方方日記VS杜甫詩史:什麼是詩?是什麼是史?什麼是詩史?

方方日記VS杜甫詩史:什麼是詩?是什麼是史?什麼是詩史?

編者按:本文接前篇:被“詩史”鐵板釘釘,杜甫欲哭無淚


這兩點都很麻煩,很難確定其邊界。

比如詩語,什麼叫詩語?《詩經》有《詩經》的詩語,《楚辭》有《楚辭》的詩語,樂府有樂府的詩語,後來搞出個近體詩,“平平仄仄平”“天對地雨對風”“風中空紅東”,再後來什麼都沒有了,想怎麼寫就怎麼寫,愛怎麼寫就怎麼寫,韻也可以不押,還有什麼詩語?

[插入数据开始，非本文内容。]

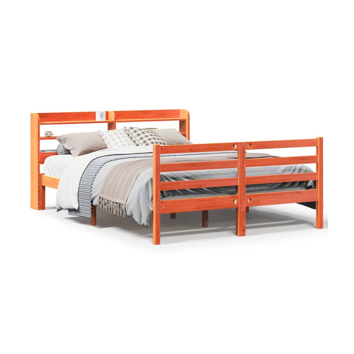 Consigue un sueño más reparador con esta estructura de cama. Es un aporte acogedor para cualquier dormitorio. Estructura estable y duradera: La madera de pino maciza es conocida por su resistencia y durabilidad. Sus vetas rectas y sus característicos nudos contribuyen a su encanto rústico.Somier de láminas para un soporte óptimo: La estructura de cama está equipada con un somier de láminas para el apoyo y la transpirabilidad del colchón.Cabecero versátil: Esta estructura de cama viene con un cabecero que proporciona un excelente soporte para la espalda cuando te sientas en la cama para leer o ver la televisión, a la vez que sirve como elemento decorativo.Amplio espacio de almacenamiento: Este elegante cabecero cuenta con tres prácticos estantes, que ofrecen un amplio espacio de almacenamiento para mantener todos tus objetos esenciales nocturnos al alcance de la mano. Información útil:El colchón no está incluido con la cama. Disponemos de una variada selección de colchones. Puedes echar un vistazo a nuestra tienda para buscar el colchón correspondiente.

至於詩意,這個更麻煩,“採菊東籬下”是詩意,“床前看月光”是詩意,“吾將上下而求索”也是詩意,詩意是什麼?鬼知道!憑感覺吧,反正你覺到它是就是。或者投機取巧,把那種不像散文、小說、戲劇效果的東西叫詩意。沒有辦法,只能如此,無須過分深究。

再看“史”。史是什麼?就是歷史。

在我們的意識裡,歷史是客觀真實存在的事件,如公元208年,孫劉聯軍在湖北赤壁打敗曹軍,史稱“赤壁之戰”。

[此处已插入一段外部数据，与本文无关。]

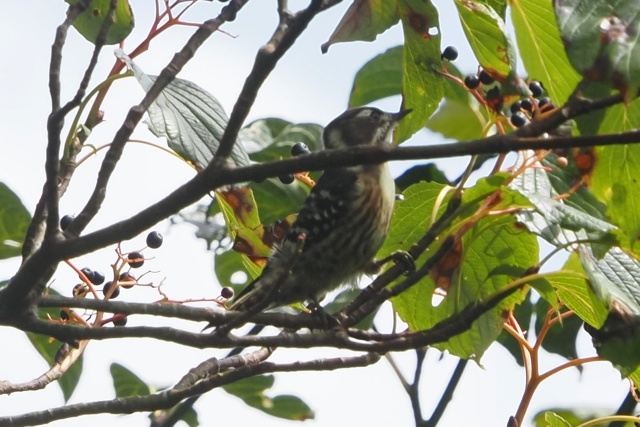 おっ奥にコゲラだが、目が枝隠れで残念!!

這一戰似乎客觀真實存在,不以我們的意志為轉移,但當進一步探究時又有問題。

這是一場幾十萬人參加的戰爭,金鼓交鳴,烈焰熏天,人仰馬翻,那場面之宏大混亂,就是親自參戰的士兵也只知一點不知其餘,要他講述這次戰役的真實情況他定會結結巴巴,語無倫次。

誰又能知道赤壁之戰的客觀真實情況?除非是神,作為人,你最多知道個大概——大概的起因、過程和結果。

因此,我們說“客觀真實存在的歷史事件”是不準確的,根本沒有什麼“客觀真實存在的歷史”,只有存在於人們腦子裡的歷史。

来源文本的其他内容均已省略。